Last week I read an interesting paper by Bob Rodriguez: "Statistical Model Building for Large, Complex Data: Five New Directions in SAS/STAT Software." In it, Rodriguez summarizes five modern techniques for building predictive models and highlights recent SAS/STAT procedures that implement those techniques. The paper discusses the following high-performance (HP) procedures in SAS/STAT software:
- The GLMSELECT procedure builds parsimonious linear regression models. This procedure supports modern effect selection techniques such as LASSO, LAR, and the elastic net. (Technically, the GLMSELECT procedure pre-dates the HP procedures. However, it is multithreaded. The HPREG procedure provides similar functionality in a distributed environment.)
- The HPGENSELECT procedure builds generalized linear models such as Poisson models, zero-inflated models, Tweedie models, and more. The procedure supports the selection of effects.
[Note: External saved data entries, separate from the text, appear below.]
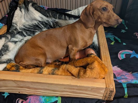 Bean is a female Dachshund. Carefully selected as a great representative of her breed, Stephani decided to make her part of their program. Stephani has passed Good Dog’s screening process, which involved a review of their breeding practices, environment, and the mental and physical health of their dogs.
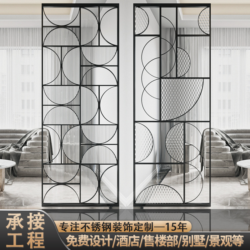 현대 미니멀리스트 거실 입구 복도 전기 도금 스테인레스 스틸 테두리 슈퍼 화이트 창홍 유리 스크린 파티션
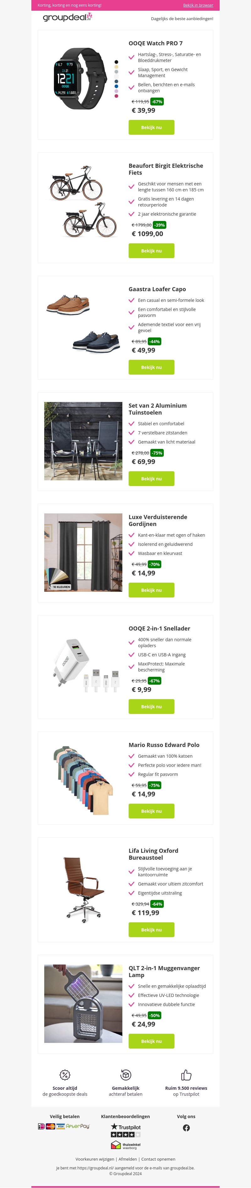 Ontdek de nieuwste deals bij Groupdeal met kortingen tot wel 75%. Koop de OOQE Watch Pro 7 voor €39,99, een Beaufort Birgit Elektrische Fiets voor €1099,00, en stijlvolle Gaastra Loafers vanaf €49,99. Mis ook niet de luxe verduisterende gordijnen en handige 2-in-1 snellader.

- The QUANTSELECT procedure builds quantile regression models and features effect selection.
- The GAMPL procedure fits generalized additive models. I have previously shown the power of the GAMPL procedure to fit binary response data.
- The HPSPLIT procedure builds classification and regression trees. Tree-based procedures are a popular choice when you want a nonparametric model that is interpretable in terms of business rules.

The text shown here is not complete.